Work order:
Line by line, repeat the material below exactly and skip the images.

Data section:
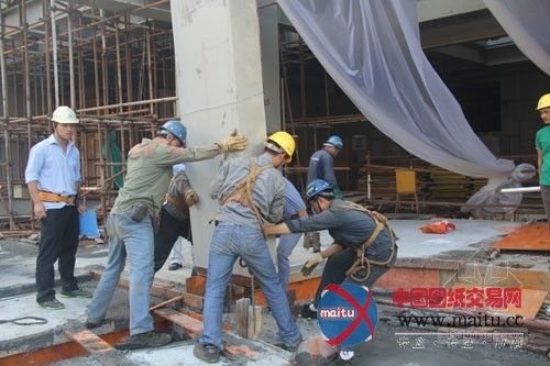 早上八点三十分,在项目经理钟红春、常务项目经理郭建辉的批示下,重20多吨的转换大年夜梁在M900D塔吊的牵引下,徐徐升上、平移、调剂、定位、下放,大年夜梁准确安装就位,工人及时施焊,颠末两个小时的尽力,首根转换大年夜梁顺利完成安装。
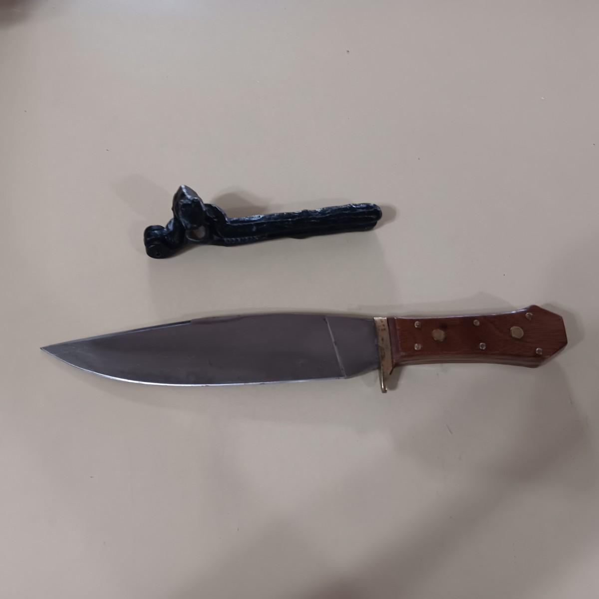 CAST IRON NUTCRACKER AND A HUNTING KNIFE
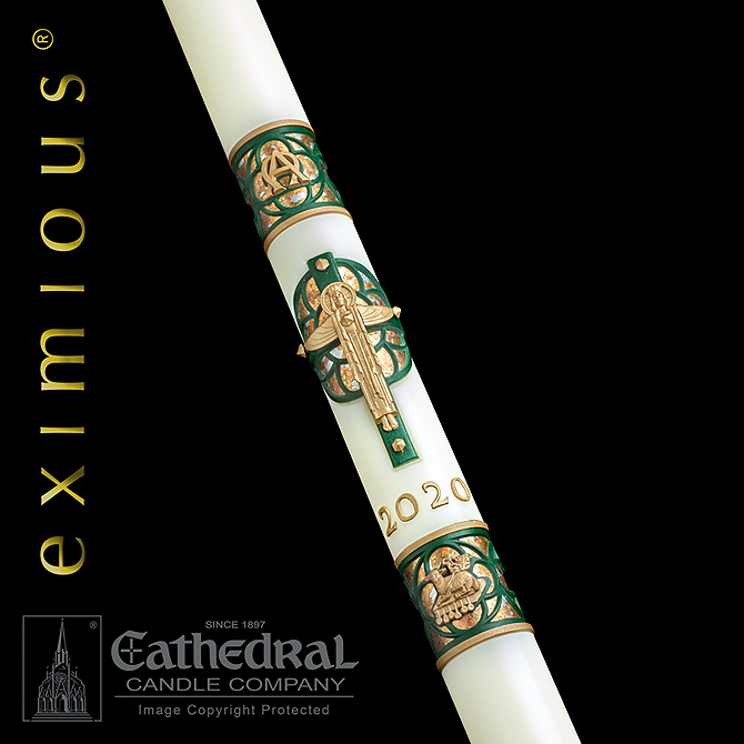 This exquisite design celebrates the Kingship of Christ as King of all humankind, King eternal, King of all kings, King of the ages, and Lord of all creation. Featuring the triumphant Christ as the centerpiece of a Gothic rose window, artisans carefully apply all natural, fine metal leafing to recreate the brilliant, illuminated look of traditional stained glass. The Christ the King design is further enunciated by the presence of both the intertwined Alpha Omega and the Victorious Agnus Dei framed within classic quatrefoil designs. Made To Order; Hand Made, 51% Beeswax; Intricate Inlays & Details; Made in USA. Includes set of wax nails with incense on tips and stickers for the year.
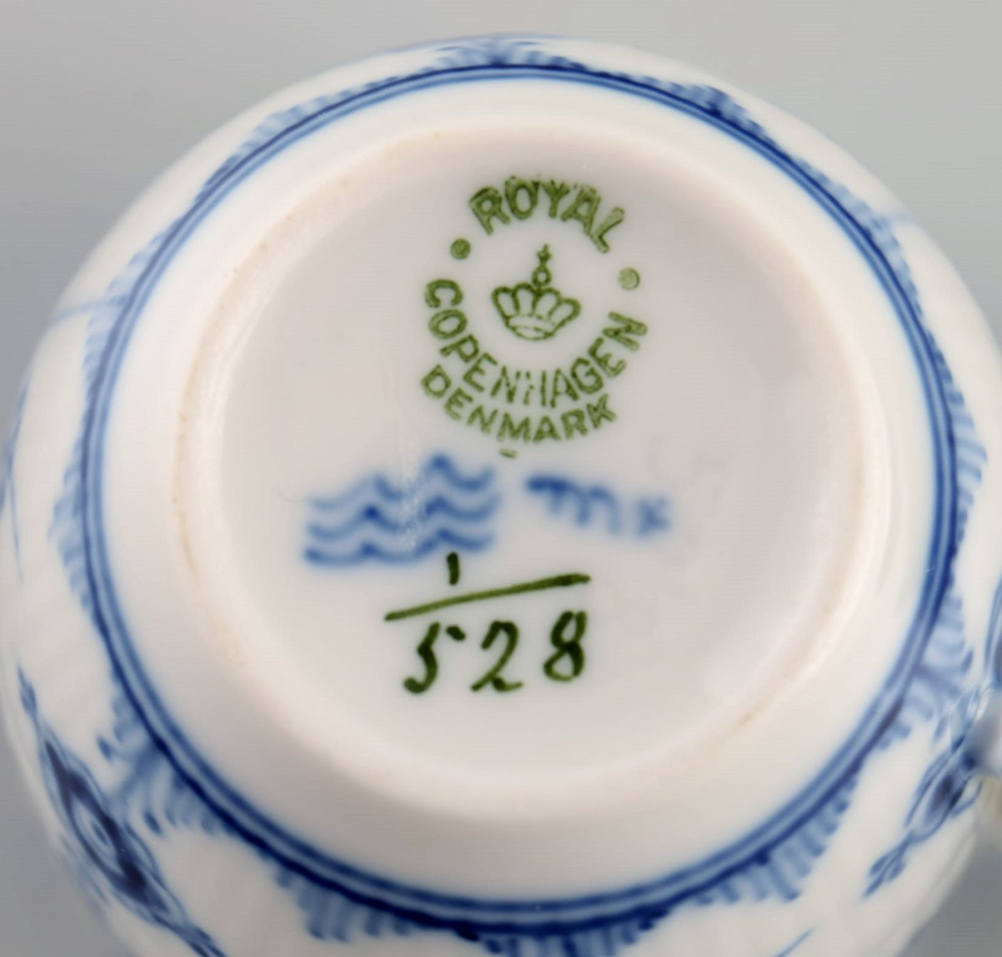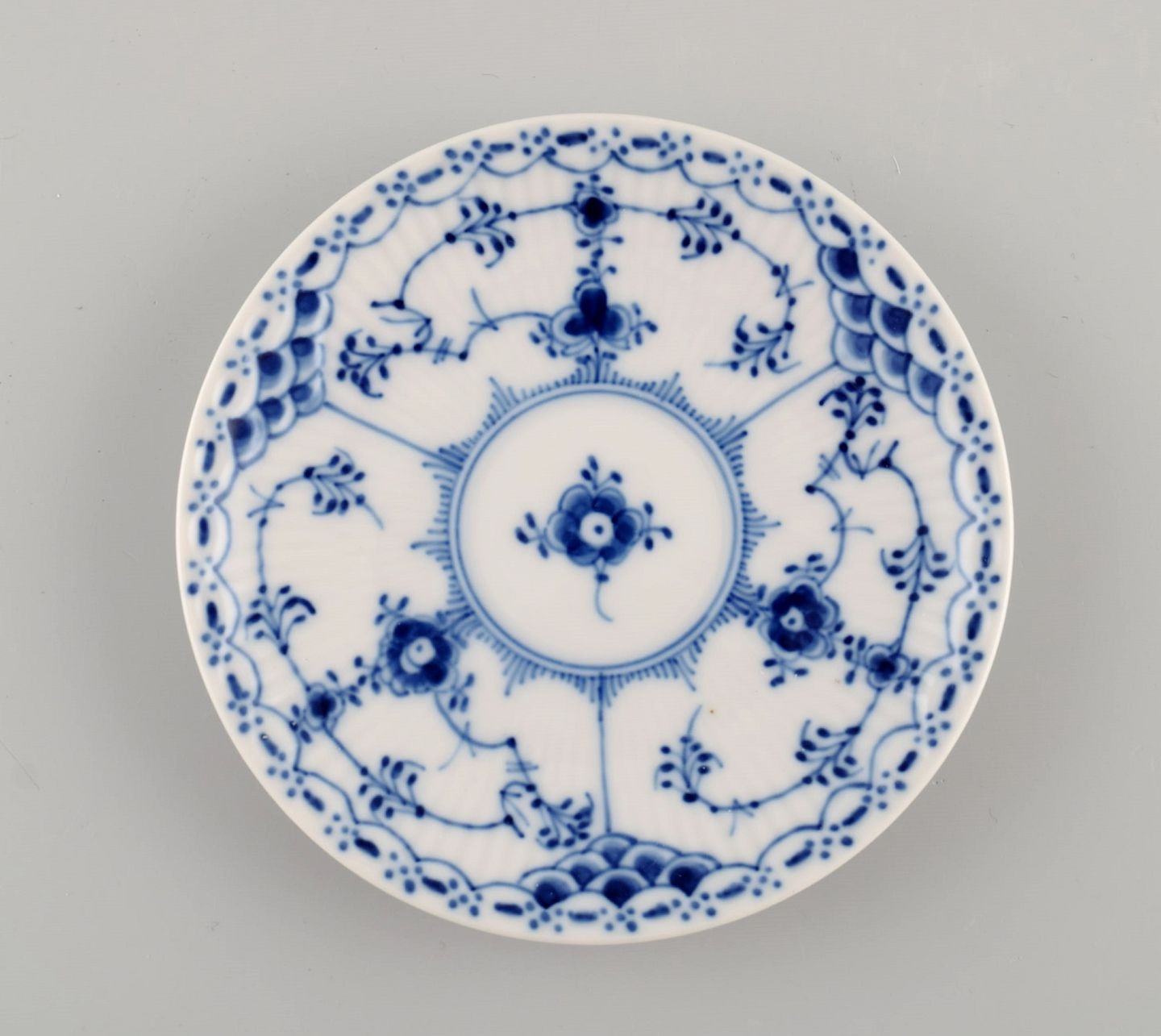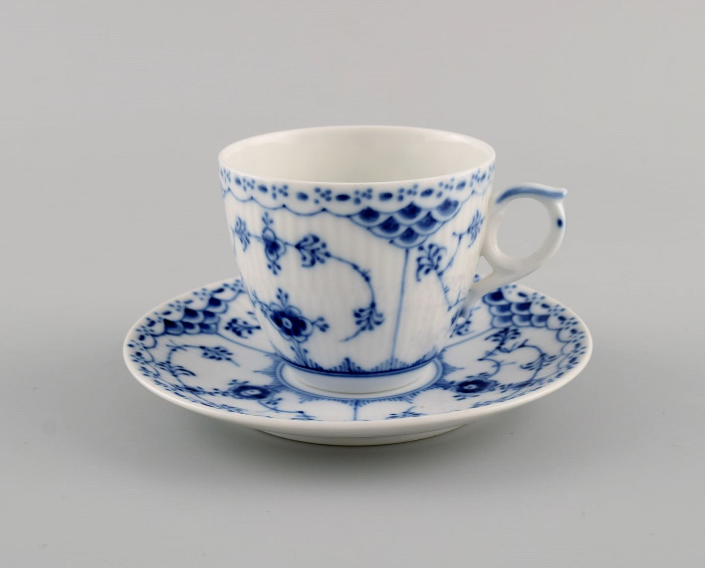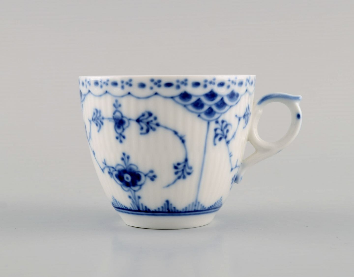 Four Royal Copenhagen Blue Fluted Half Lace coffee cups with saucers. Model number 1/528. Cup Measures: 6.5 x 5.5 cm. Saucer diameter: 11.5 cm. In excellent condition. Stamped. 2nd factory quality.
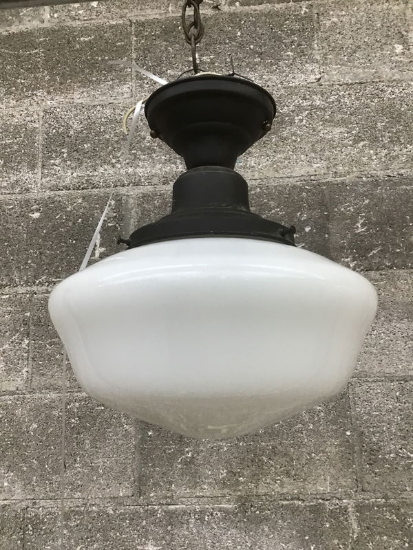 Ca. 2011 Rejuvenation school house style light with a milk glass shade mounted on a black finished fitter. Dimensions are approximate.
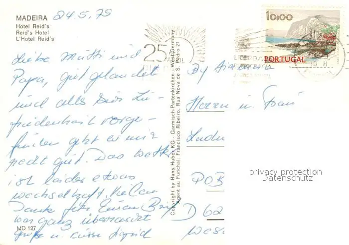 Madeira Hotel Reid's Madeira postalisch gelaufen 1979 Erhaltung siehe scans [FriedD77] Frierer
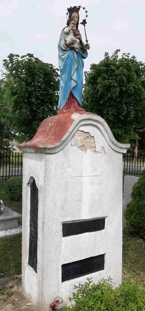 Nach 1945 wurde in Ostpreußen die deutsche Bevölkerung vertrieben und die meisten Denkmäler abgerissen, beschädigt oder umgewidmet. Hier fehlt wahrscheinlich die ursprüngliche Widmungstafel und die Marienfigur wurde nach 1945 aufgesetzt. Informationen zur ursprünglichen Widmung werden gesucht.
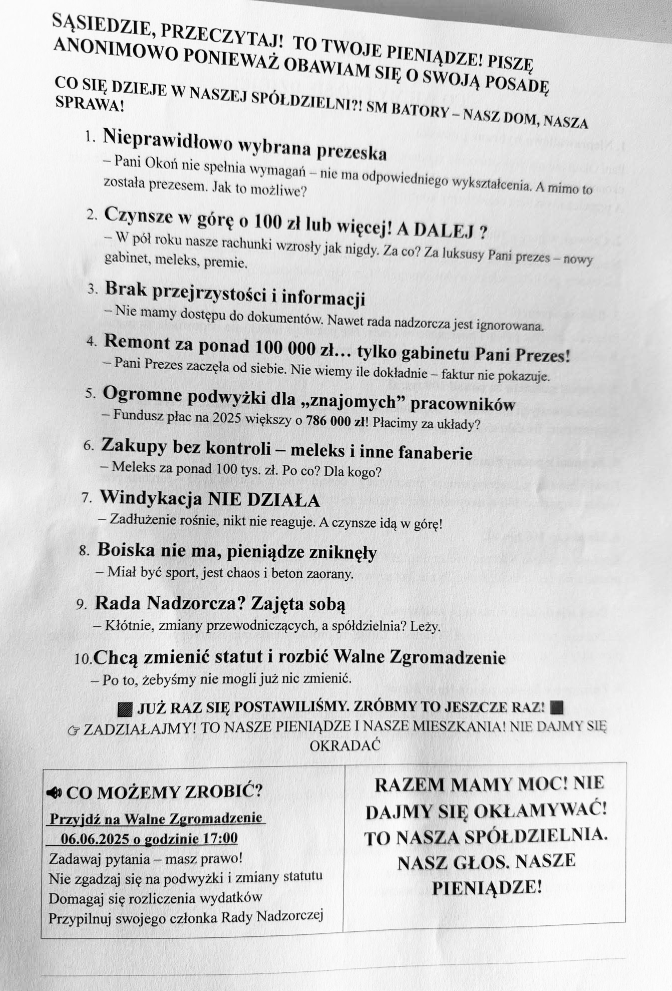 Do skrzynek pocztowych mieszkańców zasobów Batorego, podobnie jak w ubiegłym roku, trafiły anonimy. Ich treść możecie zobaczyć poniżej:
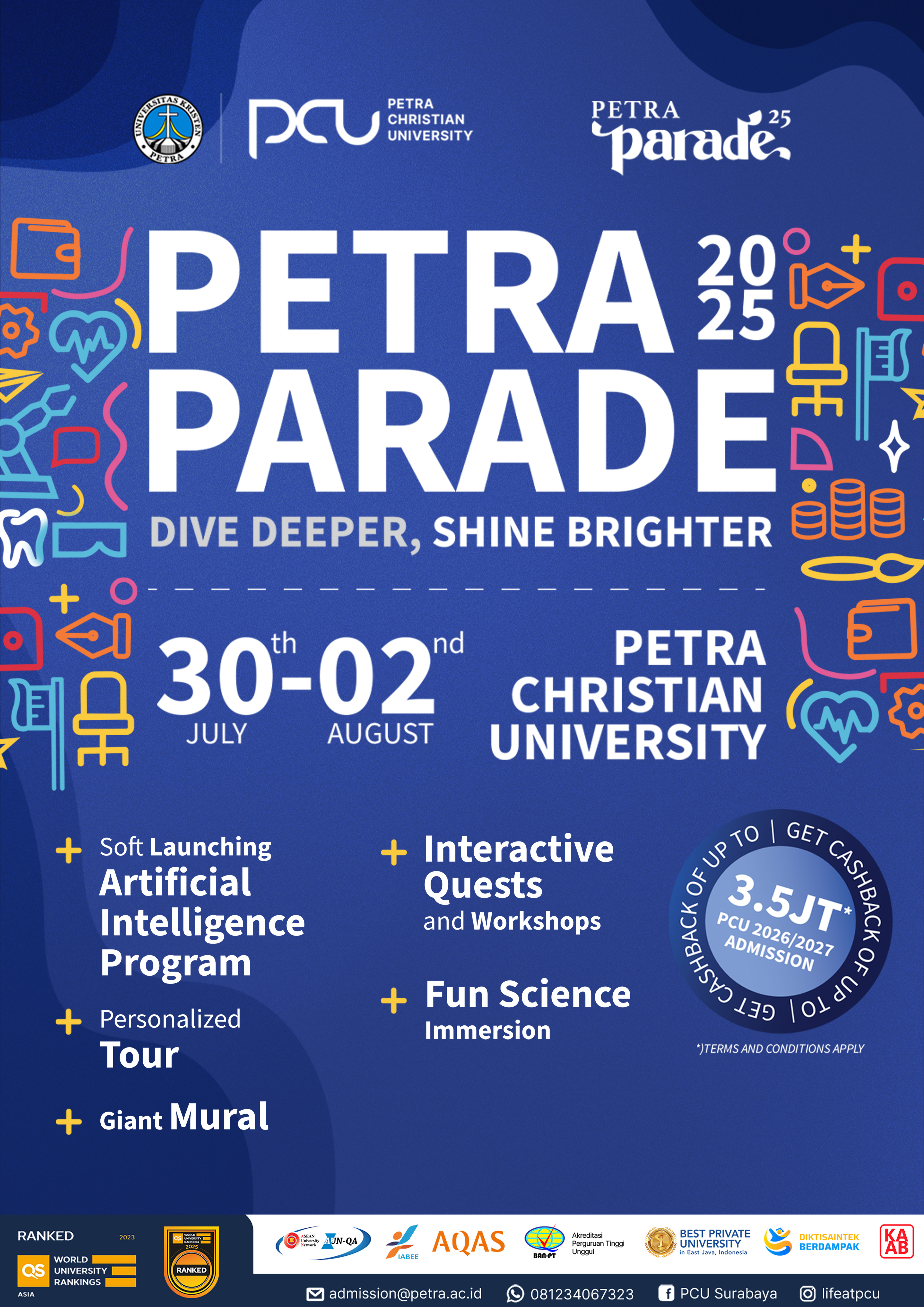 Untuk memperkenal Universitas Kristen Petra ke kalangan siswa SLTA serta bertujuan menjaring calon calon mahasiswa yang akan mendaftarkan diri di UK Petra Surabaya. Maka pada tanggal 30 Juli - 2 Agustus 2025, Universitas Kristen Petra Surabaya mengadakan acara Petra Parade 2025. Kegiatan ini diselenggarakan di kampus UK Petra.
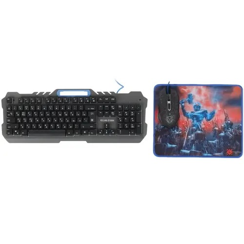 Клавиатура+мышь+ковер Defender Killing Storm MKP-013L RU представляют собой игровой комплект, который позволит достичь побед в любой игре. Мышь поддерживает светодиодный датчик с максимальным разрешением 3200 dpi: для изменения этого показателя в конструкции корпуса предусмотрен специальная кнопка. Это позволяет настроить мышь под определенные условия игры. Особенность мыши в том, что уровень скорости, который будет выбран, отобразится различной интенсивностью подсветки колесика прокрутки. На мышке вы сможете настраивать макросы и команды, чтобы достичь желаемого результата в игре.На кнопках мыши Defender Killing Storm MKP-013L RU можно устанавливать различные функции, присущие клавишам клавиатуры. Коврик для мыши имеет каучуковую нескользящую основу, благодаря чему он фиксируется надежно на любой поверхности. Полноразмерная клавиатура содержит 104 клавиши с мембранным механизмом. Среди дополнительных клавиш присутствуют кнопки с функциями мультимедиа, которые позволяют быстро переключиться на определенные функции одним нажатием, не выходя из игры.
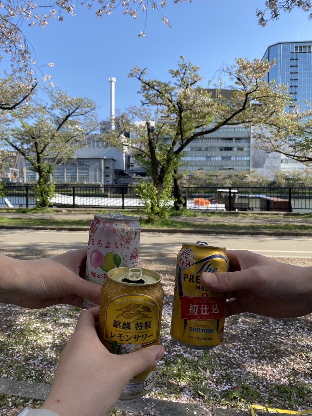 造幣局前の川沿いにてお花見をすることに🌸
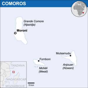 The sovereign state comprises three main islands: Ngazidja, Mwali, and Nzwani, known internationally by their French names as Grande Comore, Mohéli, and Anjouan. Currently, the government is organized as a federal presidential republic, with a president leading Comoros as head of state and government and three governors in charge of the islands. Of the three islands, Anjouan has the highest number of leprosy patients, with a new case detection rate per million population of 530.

Response to this exercise:
 早上八点三十分,在项目经理钟红春、常务项目经理郭建辉的批示下,重20多吨的转换大年夜梁在M900D塔吊的牵引下,徐徐升上、平移、调剂、定位、下放,大年夜梁准确安装就位,工人及时施焊,颠末两个小时的尽力,首根转换大年夜梁顺利完成安装。
 CAST IRON NUTCRACKER AND A HUNTING KNIFE
 This exquisite design celebrates the Kingship of Christ as King of all humankind, King eternal, King of all kings, King of the ages, and Lord of all creation. Featuring the triumphant Christ as the centerpiece of a Gothic rose window, artisans carefully apply all natural, fine metal leafing to recreate the brilliant, illuminated look of traditional stained glass. The Christ the King design is further enunciated by the presence of both the intertwined Alpha Omega and the Victorious Agnus Dei framed within classic quatrefoil designs. Made To Order; Hand Made, 51% Beeswax; Intricate Inlays & Details; Made in USA. Includes set of wax nails with incense on tips and stickers for the year.
 Four Royal Copenhagen Blue Fluted Half Lace coffee cups with saucers. Model number 1/528. Cup Measures: 6.5 x 5.5 cm. Saucer diameter: 11.5 cm. In excellent condition. Stamped. 2nd factory quality.
 Ca. 2011 Rejuvenation school house style light with a milk glass shade mounted on a black finished fitter. Dimensions are approximate.
 Madeira Hotel Reid's Madeira postalisch gelaufen 1979 Erhaltung siehe scans [FriedD77] Frierer
 Nach 1945 wurde in Ostpreußen die deutsche Bevölkerung vertrieben und die meisten Denkmäler abgerissen, beschädigt oder umgewidmet. Hier fehlt wahrscheinlich die ursprüngliche Widmungstafel und die Marienfigur wurde nach 1945 aufgesetzt. Informationen zur ursprünglichen Widmung werden gesucht.
 Do skrzynek pocztowych mieszkańców zasobów Batorego, podobnie jak w ubiegłym roku, trafiły anonimy. Ich treść możecie zobaczyć poniżej:
 Untuk memperkenal Universitas Kristen Petra ke kalangan siswa SLTA serta bertujuan menjaring calon calon mahasiswa yang akan mendaftarkan diri di UK Petra Surabaya. Maka pada tanggal 30 Juli - 2 Agustus 2025, Universitas Kristen Petra Surabaya mengadakan acara Petra Parade 2025. Kegiatan ini diselenggarakan di kampus UK Petra.
 Клавиатура+мышь+ковер Defender Killing Storm MKP-013L RU представляют собой игровой комплект, который позволит достичь побед в любой игре. Мышь поддерживает светодиодный датчик с максимальным разрешением 3200 dpi: для изменения этого показателя в конструкции корпуса предусмотрен специальная кнопка. Это позволяет настроить мышь под определенные условия игры. Особенность мыши в том, что уровень скорости, который будет выбран, отобразится различной интенсивностью подсветки колесика прокрутки. На мышке вы сможете настраивать макросы и команды, чтобы достичь желаемого результата в игре.На кнопках мыши Defender Killing Storm MKP-013L RU можно устанавливать различные функции, присущие клавишам клавиатуры. Коврик для мыши имеет каучуковую нескользящую основу, благодаря чему он фиксируется надежно на любой поверхности. Полноразмерная клавиатура содержит 104 клавиши с мембранным механизмом. Среди дополнительных клавиш присутствуют кнопки с функциями мультимедиа, которые позволяют быстро переключиться на определенные функции одним нажатием, не выходя из игры.
 造幣局前の川沿いにてお花見をすることに🌸
 The sovereign state comprises three main islands: Ngazidja, Mwali, and Nzwani, known internationally by their French names as Grande Comore, Mohéli, and Anjouan. Currently, the government is organized as a federal presidential republic, with a president leading Comoros as head of state and government and three governors in charge of the islands. Of the three islands, Anjouan has the highest number of leprosy patients, with a new case detection rate per million population of 530.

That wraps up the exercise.